The fact that people care about who is on the Supreme Court, when the documents that originally set it up supposedly removed all the political motivations from the job, tells you all you need to know. If the ostensible highest court in the land is influenced by politics and judicial activism, doesn't that point to a rather obvious conclusion? If the ability to externalize that which drives behavior makes term-limited politicians subject to evil, doesn't it follow that a politician who is appointed for life might succumb to similar influences? Seriously, if the system worked, one could pick names for the SCOTUS out of a hat. The confirmation hearings would last about as long as an anti-Bush protestor at one of those town meetings. Instead we get some version of Jerry Springer meets the Oprah Winfrey Show every time someone is confirmed.

One other anecdote before I move on. When I was in college, oh several hundred years ago, I remember getting all worried about who Ronald RayGun would appoint. My liberal buddies and I spared no emotional expense lamenting the certain fall of civilization. I don't remember clearly, but I think some tears may have been shed during a candle-light vigil or something similar. (Nobody knows the trouble I seen!) Years later, it is with great irony that I notice that Reagan's appointee – Sandra Day O'Connor – was admired by liberals, while they simultaneously worried who Bush would appoint in her place! You cannot make this stuff up.
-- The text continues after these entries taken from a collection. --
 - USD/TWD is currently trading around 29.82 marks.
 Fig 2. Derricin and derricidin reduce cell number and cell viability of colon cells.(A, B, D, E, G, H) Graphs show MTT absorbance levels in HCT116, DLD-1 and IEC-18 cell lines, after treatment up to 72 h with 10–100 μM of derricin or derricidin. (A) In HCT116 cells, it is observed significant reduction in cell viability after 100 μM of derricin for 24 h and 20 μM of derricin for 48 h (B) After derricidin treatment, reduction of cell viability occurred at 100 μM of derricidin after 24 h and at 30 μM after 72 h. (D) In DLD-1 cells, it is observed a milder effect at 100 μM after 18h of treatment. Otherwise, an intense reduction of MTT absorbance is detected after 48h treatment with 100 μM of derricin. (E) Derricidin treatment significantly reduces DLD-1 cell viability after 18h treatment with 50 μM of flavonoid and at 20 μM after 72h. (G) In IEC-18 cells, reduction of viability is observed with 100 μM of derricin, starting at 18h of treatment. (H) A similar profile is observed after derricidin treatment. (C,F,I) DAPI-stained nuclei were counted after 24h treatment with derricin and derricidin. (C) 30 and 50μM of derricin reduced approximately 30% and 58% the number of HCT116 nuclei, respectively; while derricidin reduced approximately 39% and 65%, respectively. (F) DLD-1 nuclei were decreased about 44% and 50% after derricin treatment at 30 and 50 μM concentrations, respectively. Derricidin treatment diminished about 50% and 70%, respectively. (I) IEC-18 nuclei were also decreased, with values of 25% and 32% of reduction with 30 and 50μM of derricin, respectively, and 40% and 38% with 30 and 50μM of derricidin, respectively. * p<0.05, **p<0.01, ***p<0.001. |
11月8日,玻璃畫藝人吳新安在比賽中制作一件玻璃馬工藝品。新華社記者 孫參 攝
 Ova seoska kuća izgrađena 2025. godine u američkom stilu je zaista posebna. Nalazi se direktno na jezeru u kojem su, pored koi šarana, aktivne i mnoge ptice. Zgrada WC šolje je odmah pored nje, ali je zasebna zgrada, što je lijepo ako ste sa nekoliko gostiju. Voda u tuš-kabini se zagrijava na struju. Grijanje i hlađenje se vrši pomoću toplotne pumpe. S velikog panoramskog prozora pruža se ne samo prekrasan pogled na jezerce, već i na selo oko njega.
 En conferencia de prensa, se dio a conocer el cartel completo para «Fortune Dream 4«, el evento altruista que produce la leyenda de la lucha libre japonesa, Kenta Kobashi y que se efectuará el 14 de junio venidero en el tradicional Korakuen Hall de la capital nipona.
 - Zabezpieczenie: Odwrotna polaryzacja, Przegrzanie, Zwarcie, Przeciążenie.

Why I Don't Care If Bush (Or Anyone Else) Gets Impeached

Impeachments are all about the show. They can only be about the show, since politics is only about the show. Did Clinton really get impeached for lying about what he did with Monica Lewinsky? Stop laughing. That's a serious question. Really, was that it? (I am rather disappointed that Monica's HBO show didn't last though.) Did somebody spend $50 million investigating the Slick One only to come up with his tendency to step out on his wife? I figure there were at least three or four blind gas station attendants back in Arkansas who could have named names and offered expert testimony if that was the objective.
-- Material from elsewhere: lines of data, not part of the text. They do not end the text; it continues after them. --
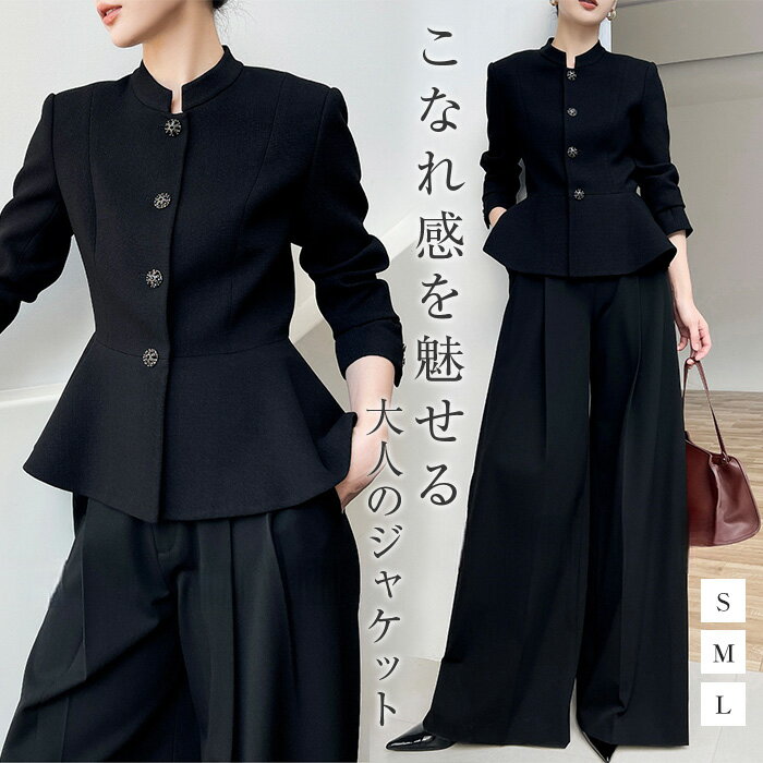 ジャケット ノーカラージャケット レディース 長袖 フレア 黒 無地 春 秋 冬 きれいめ 上品 エレガント ウエスト細見え 七五三 入学式 卒園式 卒業式 オケージョン 30代 40代 50代ブラック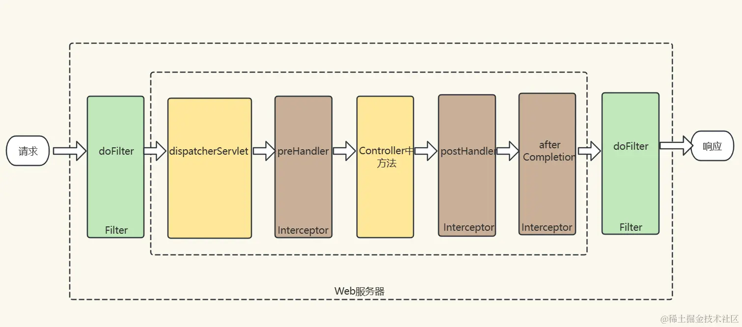 拦截器和过滤器同时存在时执行流程如下图所示: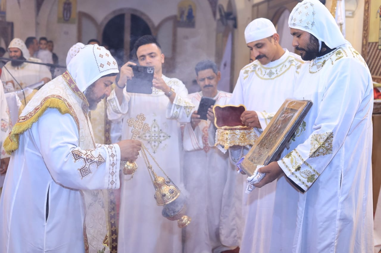 بالشموع وأيقونة المسيح.. الأقباط يحتفلون بعيد القيامة بدير الأنبا متاؤس في الأقصر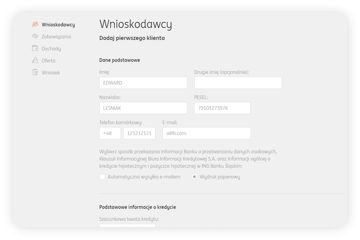 Zwróć uwagę, że dokumenty związane z kredytem hipotecznym będziemy przesyłać na adres email pierwszego wprowadzonego klienta - rozpocznij wprowadzanie wniosku od danych tej osoby.
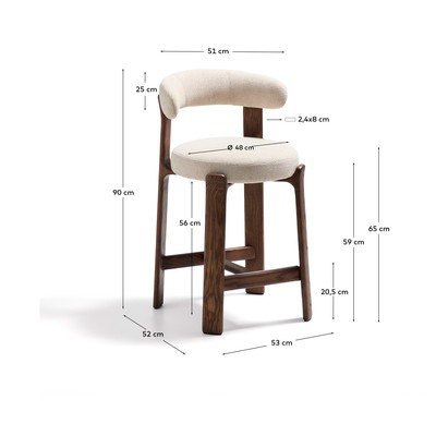 Granitna barska stolica brenda Kave Home elegantan je i praktičan dodatak modernoj kuhinji ili blagovaonici. Njezina konstrukcija izrađena je od masivnog jasenova drva, koje dolazi iz šuma kojima se upravlja u skladu s načelima održivog šumarstva, što dokazuje FSC™ 100% certifikat. Sjedalo i zaobljeni naslon presvučeni su tkaninom prepoznatljive strukture, koja je izrađena od recikliranog poliestera. Ovaj materijal dolazi od dobavljača s Global Recycled Standard certifikatom, koji jamči manju potrošnju resursa i primarnih sirovina. Osim toga, tkanina zadovoljava OEKO-TEX® STANDARD 100 certifikat, koji potvrđuje ekološki sigurnu i odgovornu proizvodnju.

More importantly, if we impeach Bush now, nearing the end of his presidency, what is the up-shot? Would it allow all to conclude that his presidency was a failure? Not for nothing, but there are about half a million dead Iraqi men, women, and children who are already able testimony to that fact. Would it be to send him on his way in disgrace? I'll never be mistaken for a political analyst, but if watching "Great Moments in Presidential Speeches" on Letterman hasn't already done that, nothing will. No, I don't care. Government doesn't work. It never did. Bush didn't break it. He just raised the smirk to high art while beating good government to within an inch of its miserable life.

Conclusion

There isn't much else left to say. By this point in my career at LRC, it should be pretty clear that I have an awesomely low opinion of the State and all that surrounds it. I'd rather not waste any time getting riled up about any of the lunacy that acts as the dressing to the turkey dinner that is US politics. Which political party is serving the cranberry sauce is simply a detail.

In other news, the NFL season is almost here. Now that's reason to celebrate!